◆ **TASK**: The material below holds the lines to copy: from the one with "De gecoate broek" up to and including the one with "Kompaktná s veľkou". Copy them exactly and skip the pictures.

◆ **LISTED RECORDS**:
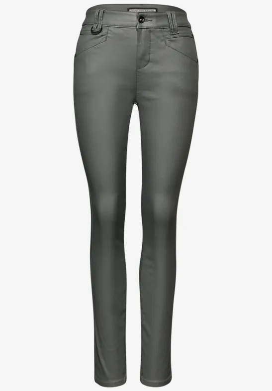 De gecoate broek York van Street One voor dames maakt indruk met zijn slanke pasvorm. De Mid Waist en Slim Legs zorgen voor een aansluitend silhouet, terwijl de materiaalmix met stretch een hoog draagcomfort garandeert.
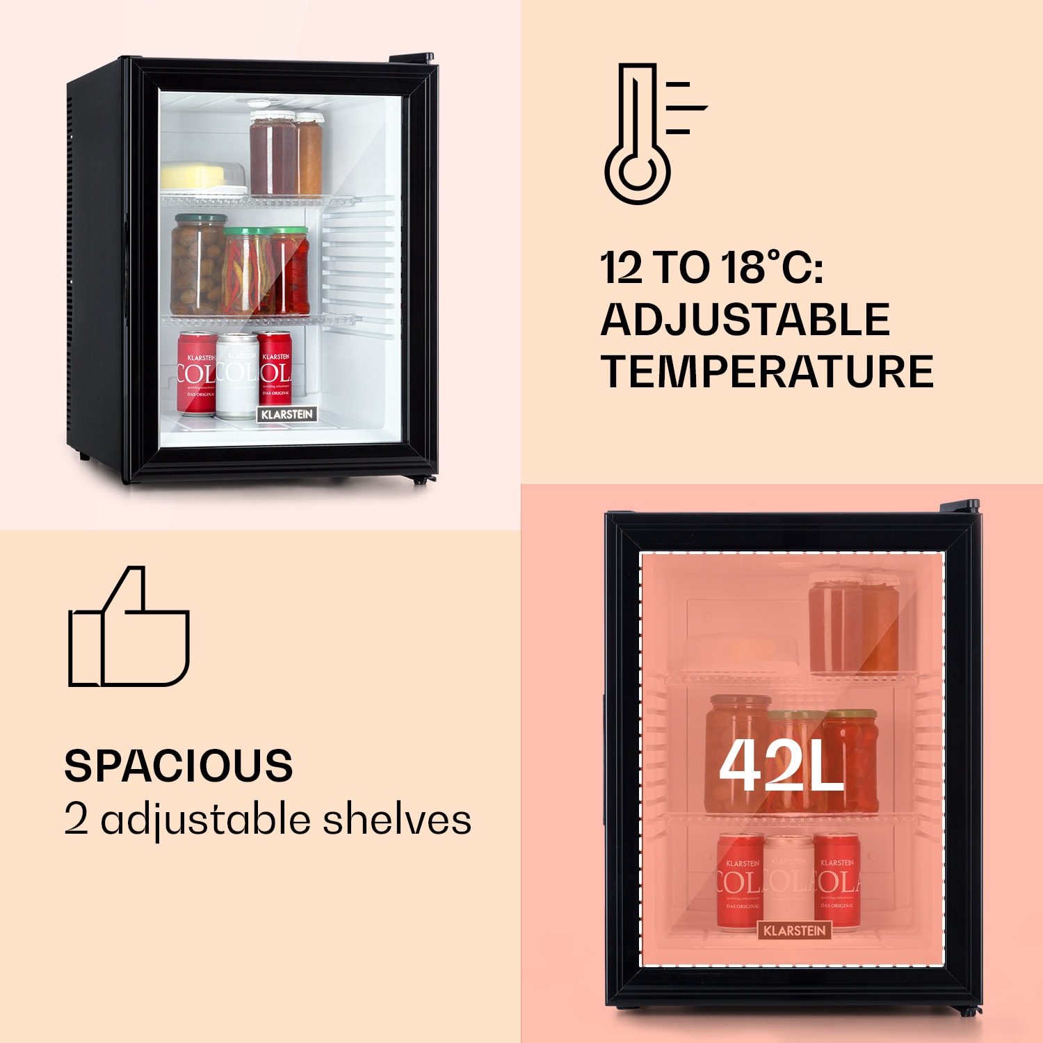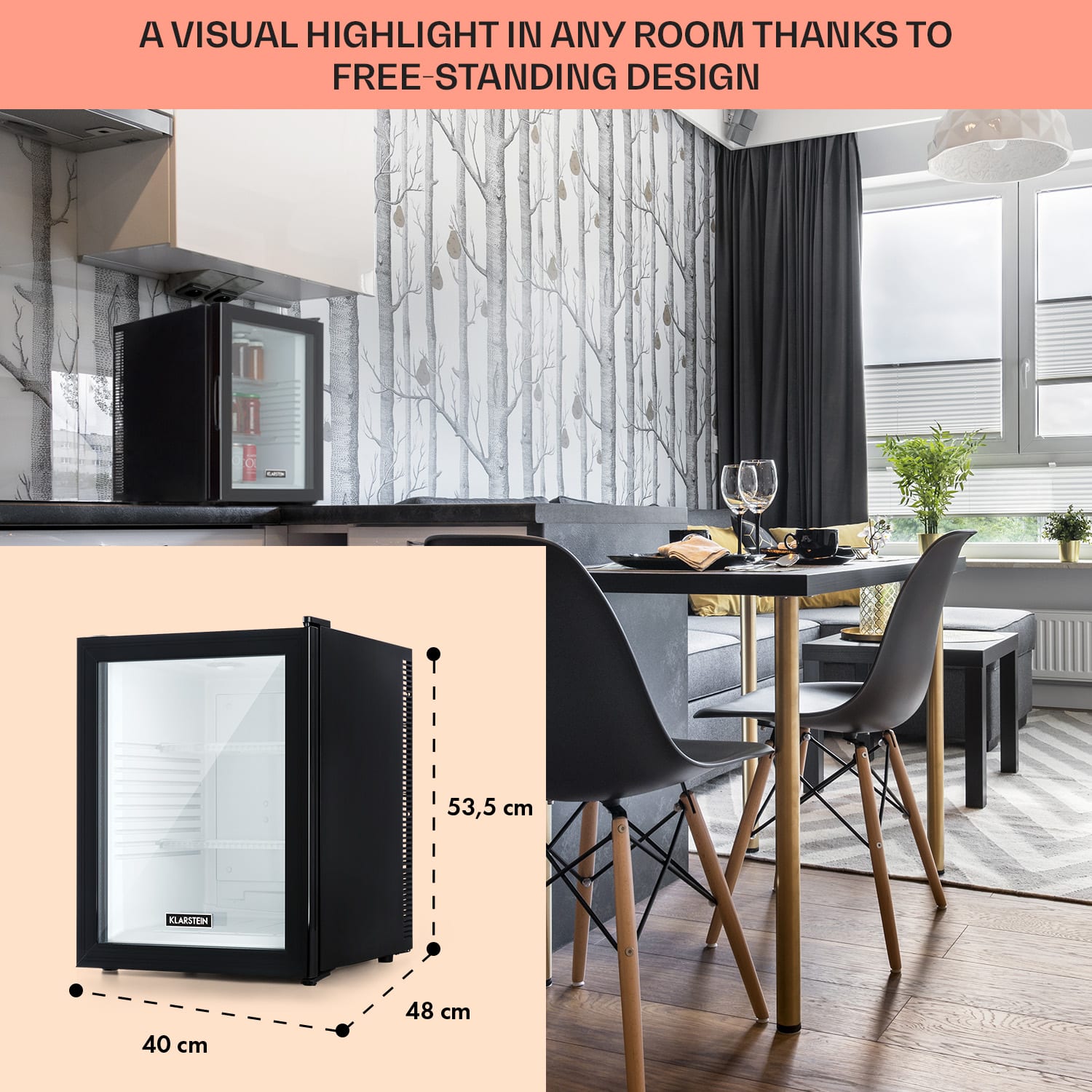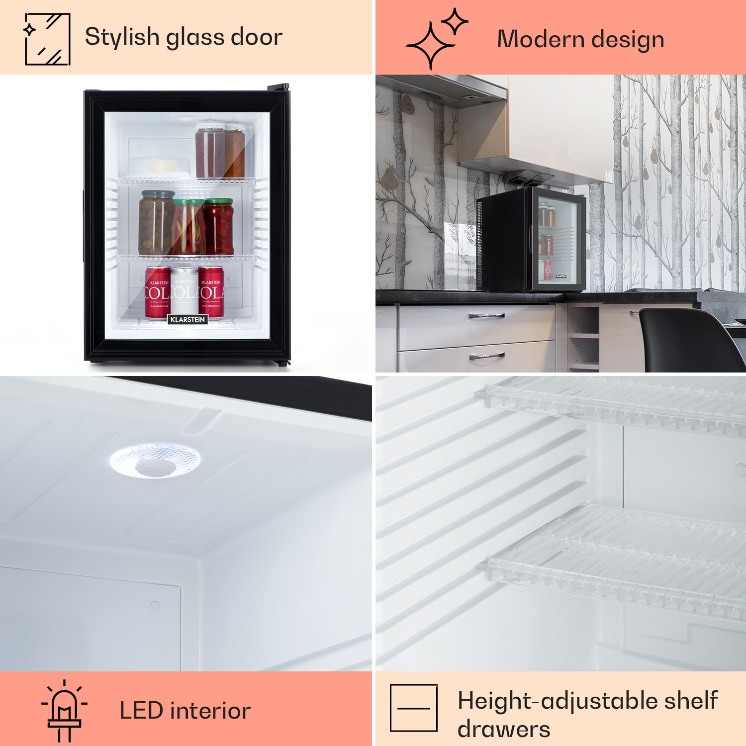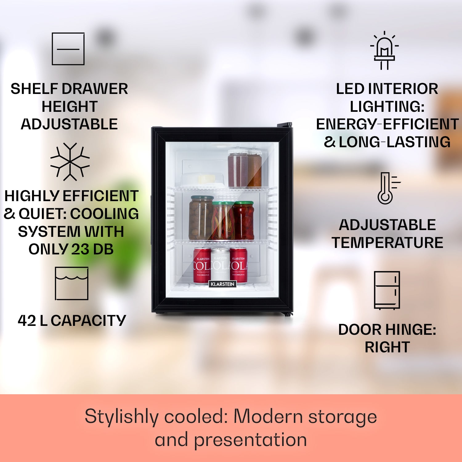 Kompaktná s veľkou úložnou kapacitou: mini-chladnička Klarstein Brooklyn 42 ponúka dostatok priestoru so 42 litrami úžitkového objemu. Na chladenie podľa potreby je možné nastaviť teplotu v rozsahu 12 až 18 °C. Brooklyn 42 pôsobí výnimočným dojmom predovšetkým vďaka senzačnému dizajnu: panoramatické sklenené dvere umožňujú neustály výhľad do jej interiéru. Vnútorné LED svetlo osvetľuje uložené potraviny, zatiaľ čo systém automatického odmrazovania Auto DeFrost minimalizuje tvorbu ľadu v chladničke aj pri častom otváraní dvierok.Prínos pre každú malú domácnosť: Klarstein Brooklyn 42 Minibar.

* * *

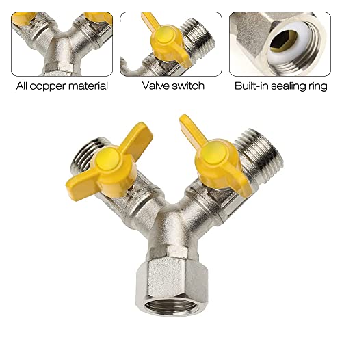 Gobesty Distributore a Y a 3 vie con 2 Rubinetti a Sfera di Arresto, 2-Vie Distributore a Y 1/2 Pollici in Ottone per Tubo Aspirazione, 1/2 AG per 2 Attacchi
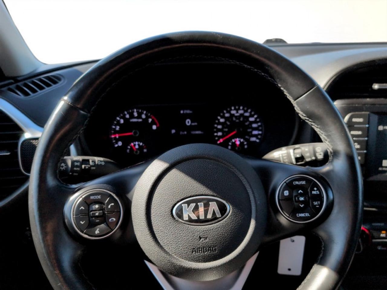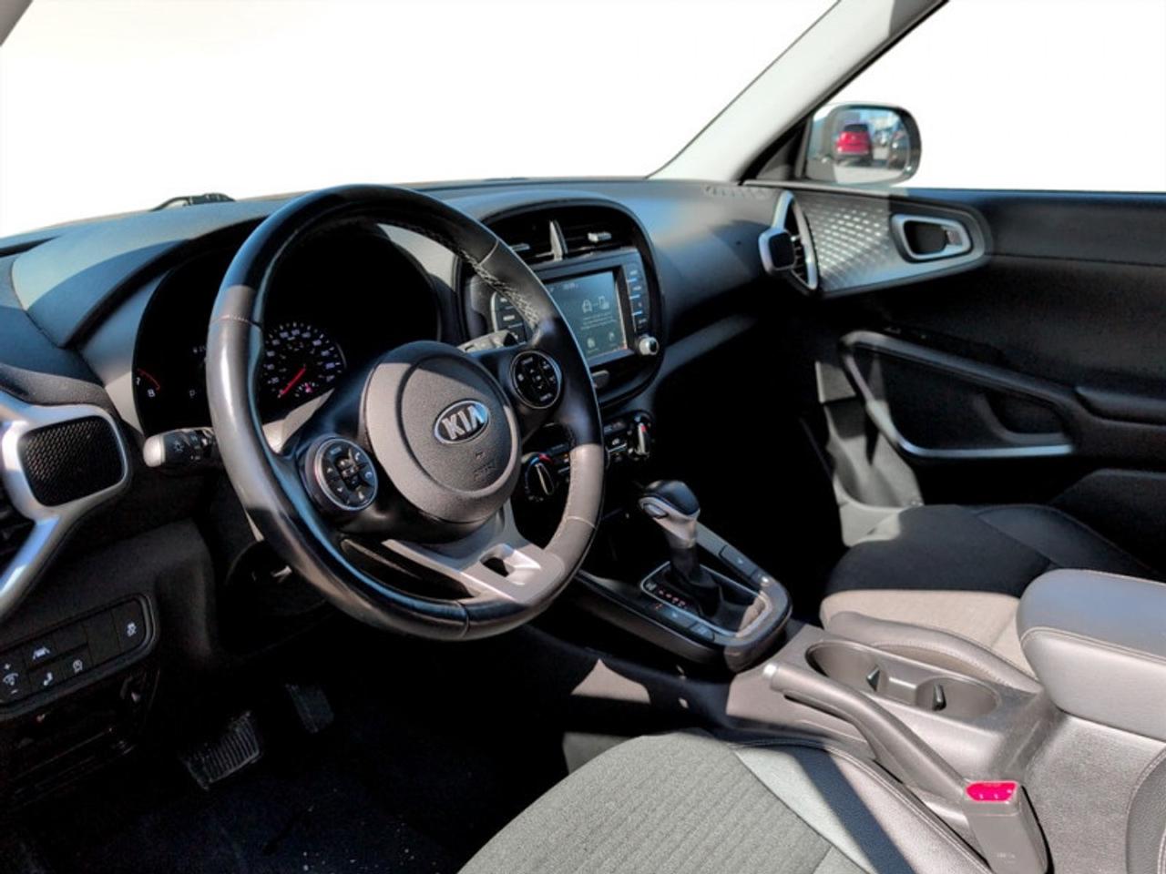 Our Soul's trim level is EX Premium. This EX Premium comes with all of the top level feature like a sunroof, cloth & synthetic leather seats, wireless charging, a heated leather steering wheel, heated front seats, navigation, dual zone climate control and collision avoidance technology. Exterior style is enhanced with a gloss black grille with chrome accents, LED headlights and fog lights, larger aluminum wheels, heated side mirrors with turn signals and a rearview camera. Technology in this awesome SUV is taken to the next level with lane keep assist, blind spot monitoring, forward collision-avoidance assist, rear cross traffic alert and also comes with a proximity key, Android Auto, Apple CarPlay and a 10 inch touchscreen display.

◆ **RESPONSE AREA**:
 De gecoate broek York van Street One voor dames maakt indruk met zijn slanke pasvorm. De Mid Waist en Slim Legs zorgen voor een aansluitend silhouet, terwijl de materiaalmix met stretch een hoog draagcomfort garandeert.
 Kompaktná s veľkou úložnou kapacitou: mini-chladnička Klarstein Brooklyn 42 ponúka dostatok priestoru so 42 litrami úžitkového objemu. Na chladenie podľa potreby je možné nastaviť teplotu v rozsahu 12 až 18 °C. Brooklyn 42 pôsobí výnimočným dojmom predovšetkým vďaka senzačnému dizajnu: panoramatické sklenené dvere umožňujú neustály výhľad do jej interiéru. Vnútorné LED svetlo osvetľuje uložené potraviny, zatiaľ čo systém automatického odmrazovania Auto DeFrost minimalizuje tvorbu ľadu v chladničke aj pri častom otváraní dvierok.Prínos pre každú malú domácnosť: Klarstein Brooklyn 42 Minibar.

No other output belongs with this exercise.